In order to solve the technical problems, the invention adopts the following technical scheme: an old building layout modification method for ensuring that the earthquake-resistant performance of an old building reaches the standard when the old walls in the old building are all bearing and the layout modification needs to remove a part of the old walls without temporary support and improving the earthquake-resistant performance, the modification method comprising the following steps:

Step one: selecting one or more rooms in the middle of the old building, and marking the rooms as a middle strengthening area; the middle strengthening zone satisfies the following conditions:

Condition 1.1: the old wall of the periphery is enclosed to form a rectangular cylinder;

Condition 1.2: rooms outside the middle strengthening area are contacted with the middle strengthening area;

condition 1.3: all the positions of the middle strengthening area are in the lifting range of the tower crane or the automobile crane;

Step two: removing the roof of the middle strengthening area, and hanging required materials by the middle strengthening area in the subsequent construction of the interior of the building;

step three: strengthening the foundation of the middle strengthening area to ensure that the foundation is provided with a horizontal plate which is fixedly connected with the old wall and buried underground;

step four: a lintel is implanted above the old wall to be dismantled, the two ends of the lintel are provided with supporting columns, and then the old building layout is modified;

Step five: dark columns are planted in the old wall around the middle strengthening area, the dark columns are arranged at intervals around the middle strengthening area, and dark columns are arranged at two ends of each roof girder in subsequent construction;

Step six: constructing cast-in-situ slab walls on two sides of all old walls, wherein the cast-in-situ slab walls are reinforced concrete slab walls fixedly connected with the old walls into a whole, and the cast-in-situ slab walls around the middle strengthening area are fixedly connected with hidden columns into a whole;

Step seven: a roof girder is arranged above the middle strengthening area, is arranged at intervals along the long edge of the middle strengthening area, and two ends of the roof girder are fixedly connected with a dark column around the middle strengthening area; then, mounting roof sub-beams between the roof main beams, wherein the roof sub-beams and the roof main beams are fixedly connected into beam grids;

step eight: constructing an integrated rigid roof board on the beam grid, wherein the integrated rigid roof board is a reinforced concrete board which is connected with a hidden column at the periphery of a middle reinforced area and a cast-in-situ slab wall into a whole, and the structures at the top, the periphery and the bottom of the middle reinforced area enclose a rigid reinforced concrete box;

step nine: and installing a prestress plate fixedly connected with the integrated rigid roof plate in the roof around the middle strengthening area.

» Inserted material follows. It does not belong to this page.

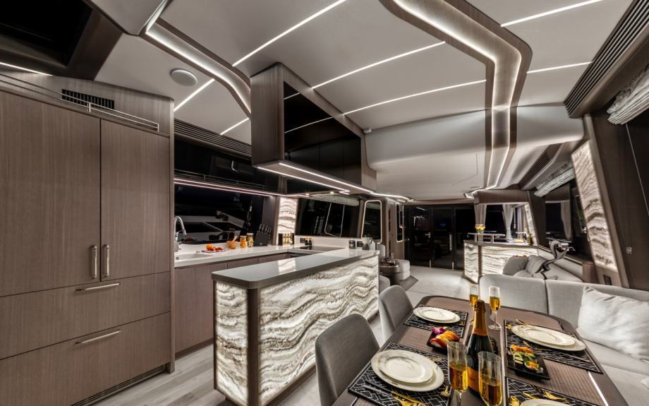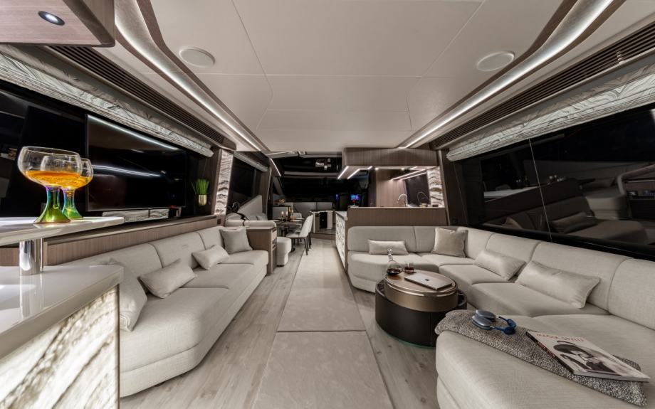 U cijenu je uključena pripadajuća STD oprema prema specifikaciji modela plovila 2024 sa 2x MAN V12-1650.

Further, in the third step, the foundation of the middle reinforcing area is reinforced in the following manner:

If the old wall at the periphery of the middle strengthening area is provided with a ground beam, the section of the ground beam is enlarged, the ground beam is provided with ground buried plates, the ground buried plates are arranged at intervals around the periphery of the middle strengthening area, and the dark columns in the fifth step are arranged above the ground buried plates;

if the old wall at the periphery of the middle strengthening area is not provided with a land girder, constructing a raft under the middle strengthening area.

In the fourth step, the lintel is a clamping beam which is arranged in pairs and clamped at the left side and the right side of the old wall to be dismantled; in the process of dismantling the old wall, the old wall between each pair of clamping beams is not reserved;

If constructional columns exist in the old walls at the two ends of the lintel, the constructional columns are taken as bearing columns, and the two ends of the lintel are fixedly connected to the constructional columns;

If no constructional column exists in the old walls at the two ends of the lintel, the bearing columns are newly constructed reinforced concrete columns, the bearing columns are arranged below the two ends of the paired clamping beams in pairs, one end of each pair of lintel is correspondingly provided with a pair of bearing columns, and hoops of each pair of bearing columns penetrate through the old walls to enable the bearing columns to be connected into a whole; the old wall between each pair of load-bearing columns is retained during the old wall removal process.

In the fifth step, the old columns are chiseled on the surfaces of the old columns to expose the reinforcing steel bars so as to be connected with the cast-in-situ slab wall, and the old columns at the two ends of the roof girder are detected and repaired so as to ensure that the bearing capacity meets the requirement of the roof girder.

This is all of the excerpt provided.